The UN’s Women’s Advisory Board provided a degree of protection and a channel into diplomatic processes, but with no real negotiations ever taking place, its role was never meaningfully tested.

Great hope, greater disappointment

When the transitional government formed under President Ahmad al-Sharaa, many expected a break with old habits. Instead, the first cabinet included only one woman: Hind Kabawat, presented simultaneously as “the woman” and “the representative of a religious minority”.

Kabawat attempted to expand women’s access inside the system, appointing female administrators in several provinces. But entrenched social structures were often stronger than ministerial authority. The case of Salam al-Ghadir in Deir Ezzor — forced to resign under tribal pressure — revealed the limits of appointment without community backing. Meanwhile, many of the most seasoned women activists declined positions altogether, unwilling to risk renewed vilification or to serve as political cover.

In an attempt to reassure women, the transitional government created a Women’s Office headed by Aisha al-Dibs. But it quickly drifted from empowerment to gatekeeping, operating on the logic that “those who resemble us belong to us”. It was eventually shut down after failing to deliver, replaced by a Damascus Development Office — as though the issue was a matter of services rather than political agency.

The parliamentary elections deepened the setback. Women secured only 6 seats out of 119 — barely 4 per cent. Major cities such as Damascus, Aleppo, Homs, and Deir Ezzor elected not a single woman, despite credible female candidates. Once again, society itself acted as the enforcer of exclusion. The task now falls to the one-third of parliament to be appointed by al-Sharaa, who is expected to address this gap.
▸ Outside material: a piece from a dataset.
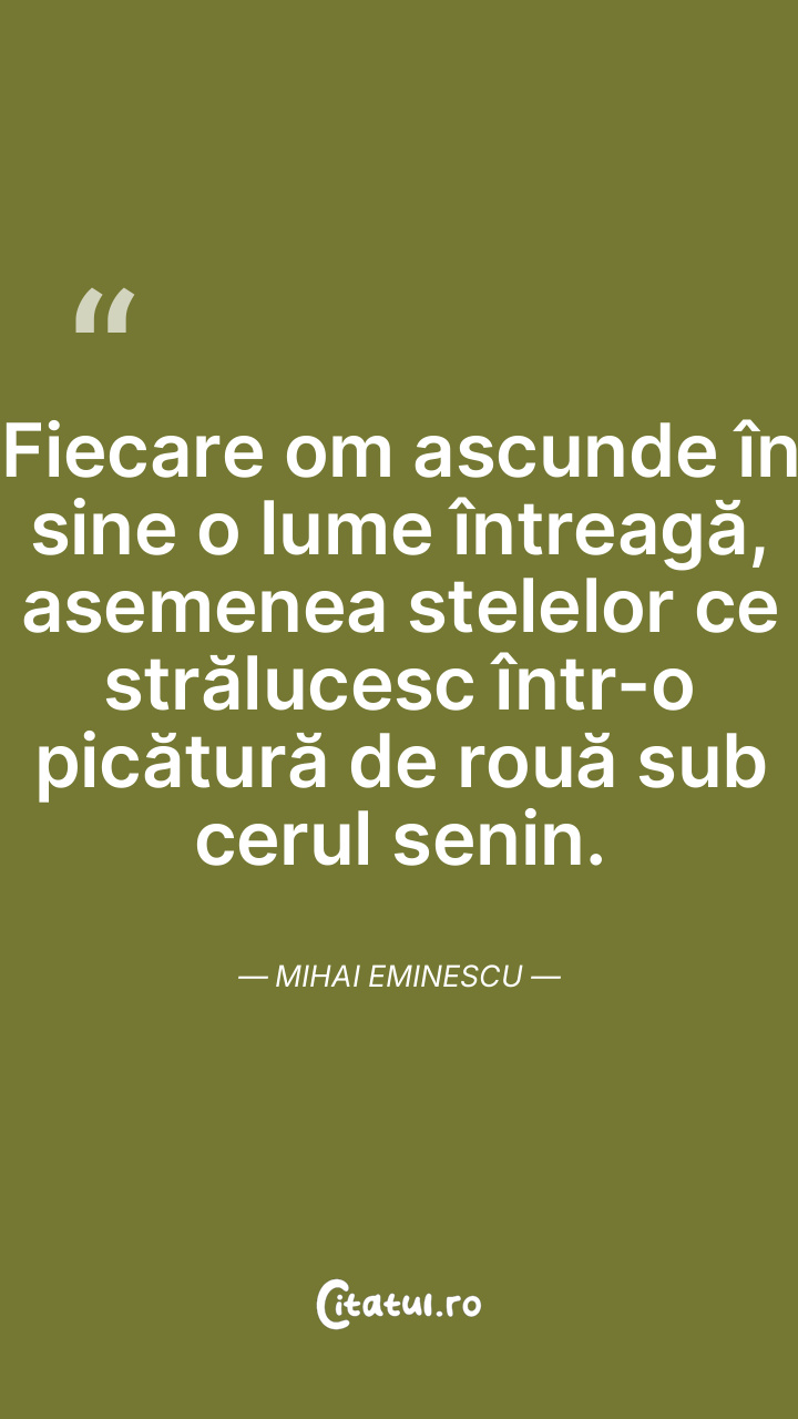 Fiecare om ascunde în sine o lume întreagă, a ... Citește tot citatul >

Recommendations for those who care

If Syria is to avoid reproducing the past with new actors, reforms must be structural:

  • An electoral law guaranteeing at least 30 per cent women’s representation during the transitional period.
  • Explicit constitutional protections against discrimination and guarantees of political participation.
  • Mechanisms to prevent smear campaigns and harassment.
  • Investment in local women leaders, not just internationally recognised elite figures.
  • Meaningful inclusion in peace, security, and reconstruction portfolios, not confinement to “family affairs” or “social issues”.

The revolution proved what was always true: Syrian women are capable of shaping their country’s political future. But they cannot do so if they continue to be summoned merely to beautify the picture or make up the numbers. A democratic transition is not measured by ballot boxes alone. It is measured by whether every part of society can take part in shaping collective decisions.

If Syria’s new era is to rest on stability and fairness, it must recognise that half of society is not a political margin but a founding partner in decision-making. Otherwise we risk recreating the past with new tools and at an even higher cost.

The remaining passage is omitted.